At Malassezia furfur is a yeast that occurs in the natural flora of almost everyone. The microorganism does not normally damage its host, but can under certain circumstances multiply and then cause inflammatory reactions in the skin, such as reddening and flaking, which in certain cases occur together with itching.
Malassezia furfur belongs to the yeast fungi. These are unicellular fungi that develop energy from the breakdown of organic matter. The fungus is characterized by an oval, cylindrical or round-like cell structure and belongs to the class of Fungi imperfecti. These so-called imperfect fungi are tubular, stand or yoke fungi that multiply through the formation of spores.
The name of Malassezia furfur is composed of Malassezia (after Louis-Charles Malassez, a French medic and bacteriologist from the 19th century) and the Latin term furfur for "skin scab". Malassezia furfur is mainly found in humans, but has also been found in other living things, such as dogs.
The protozoa have a size of 1.5 to 5.5 µm and consist of round or oval fungal cells that multiply through asexual spores. It is believed that the fungus is found in the skin flora of over 90 percent of all people. The transmission and spreading takes place unnoticed. No direct skin contact is necessary for this, just contact with contaminated bath mats, clothing or shoes is sufficient. It can also be passed on from person to animal.
Malassezia furfur has lipophilic properties, which means that it can dissolve fats and oils particularly well. The skin fungus feeds on sebum, which is produced in human skin and consists of long-chain fatty acids. It is therefore particularly common in skin regions where increased sebum is produced, for example on the hairy scalp, on the face or on the chest and back.
Since the onset of puberty is accompanied by increased sebum production, an increased colonization with Malassezia yeasts can be observed for this phase of life. With age, the function of the sebum glands and thus the population density decline again. An extreme increase in fungi and thus skin diseases only occurs in certain and susceptible people, and then repeatedly.
A warm and humid climate is considered to be favorable factors for excessive reproduction. Almost every second person in tropical regions is said to be affected, in the temperate zone only one percent of the population. An immune system that has been weakened by infections or diseases is also a risk factor for excessive Malassezia yeast colonization.
If the fungus multiplies too much, it overgrows the other microorganisms of the skin flora. A fungal infection develops that causes scaly, sharply defined spots. Since the fungus can absorb UV radiation, the melanin production of the skin under the fungus is not stimulated, which means that these areas do not turn brown when exposed to sunlight. These skin changes can become increasingly larger and take up entire areas of the skin. A distinction is made between different forms depending on the characteristics.
In pityriasis versicolor, the most common superficial mycosis, the sharply demarcated, yellowish-brown and scaly patches form mainly in the chest and back area. These can spread to the lateral trunk as the infestation progresses. The bran-shaped flaking can easily be wiped off with a wooden spatula. If long-lasting pigment disorders remain after these spots have healed, this is called pityriasis versicolor alba.
Another form of expression is seborrheic dermatitis, which shows itself as whitish-yellowish and greasy skin flakes that occur particularly on the scalp and face. The skin under the scales is reddened due to the inflammation.

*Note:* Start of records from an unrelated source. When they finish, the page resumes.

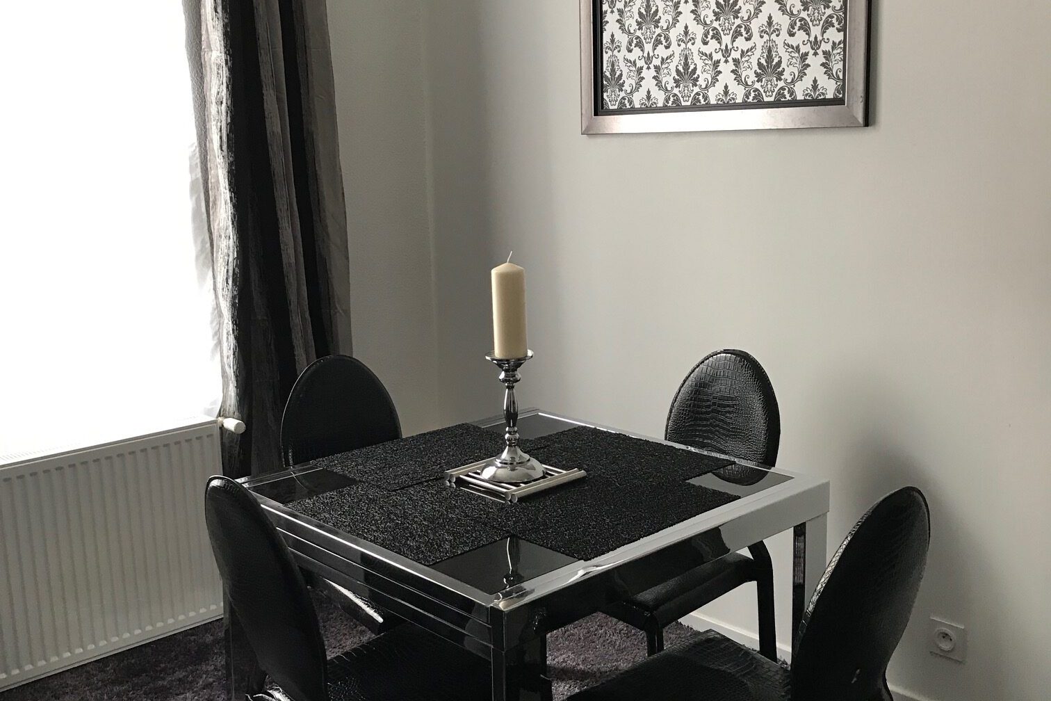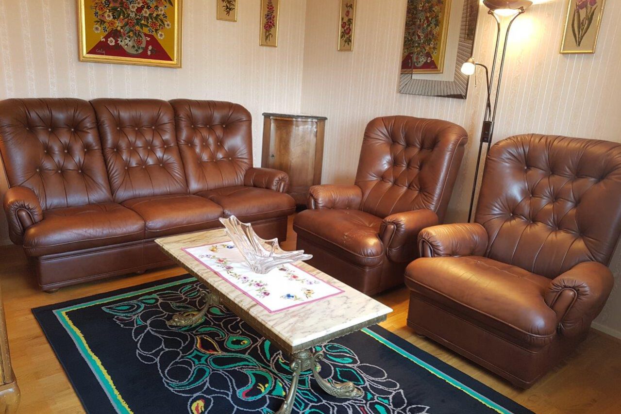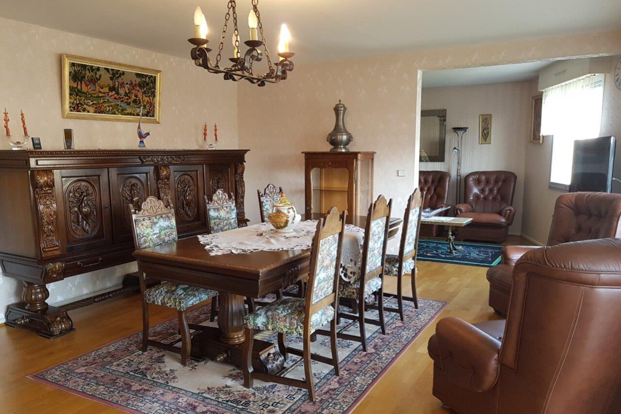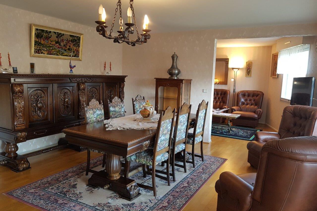 - D’une grande salle à manger, avec table et chaises, buffets, fauteuils en cuir, grande télé.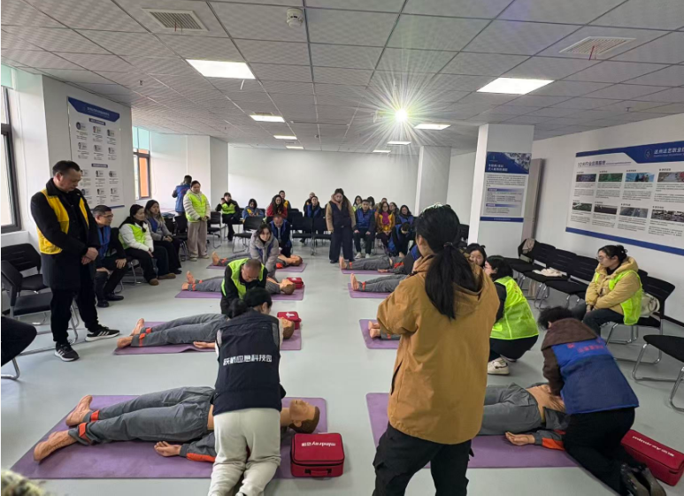 在实操演练环节,重点开展了安全绳使用、海姆立克急救法、AED操作与心肺复苏等关键技能训练。讲师逐步示范、细致指导,参训人员积极投入、反复练习,在“学练结合”中切实提升动手能力和应急反应水平。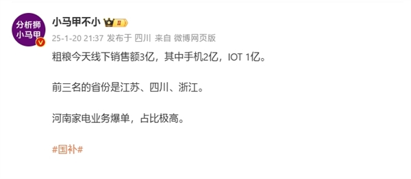 据博主@小马甲不小 爆料,小米今天光线下销售额就达到了3亿,其中手机产品占2亿,IOT产品占1亿。

Often, eyebrows and the beard area are also affected. In most cases, these skin changes in the form of reddening are only perceived by those affected as a cosmetic impairment, as they rarely cause symptoms such as itching or burning.
On the other hand, Malassezia folliculitis, which is characterized by small, extremely itchy papules and pustules, is comparatively rare. Here the fungal infection is no longer just superficial, but the yeast bacteria have penetrated into deeper layers and lead to the aforementioned inflammatory reactions there.
The diagnosis of mycosis can be made by a dermatologist using a so-called radio allergen sorbent test (RAST), in which specific immunoglobulins against allergens are detected in the blood. However, since this examination method takes a comparatively high level of effort, a sample of the scales is usually taken instead by tearing off adhesive tape and examined under the microscope.
Medical treatment is necessary because fungal infections do not heal on their own. For this purpose, the doctor prescribes antimycotics in the form of ointments, gels, shampoos or creams. Fungal infections are persistent, so stopping therapy too early is not recommended. It is also important to ensure that contaminated clothing is thoroughly disinfected to prevent re-infection.
Fungal skin diseases are usually harmless. In exceptional cases there is a risk of systemic mycosis. Here the fungus no longer only colonizes the skin, but reaches the organs via the bloodstream. This is a serious illness that can be very dangerous, especially for people with weakened immune systems, and in the worst case can lead to death.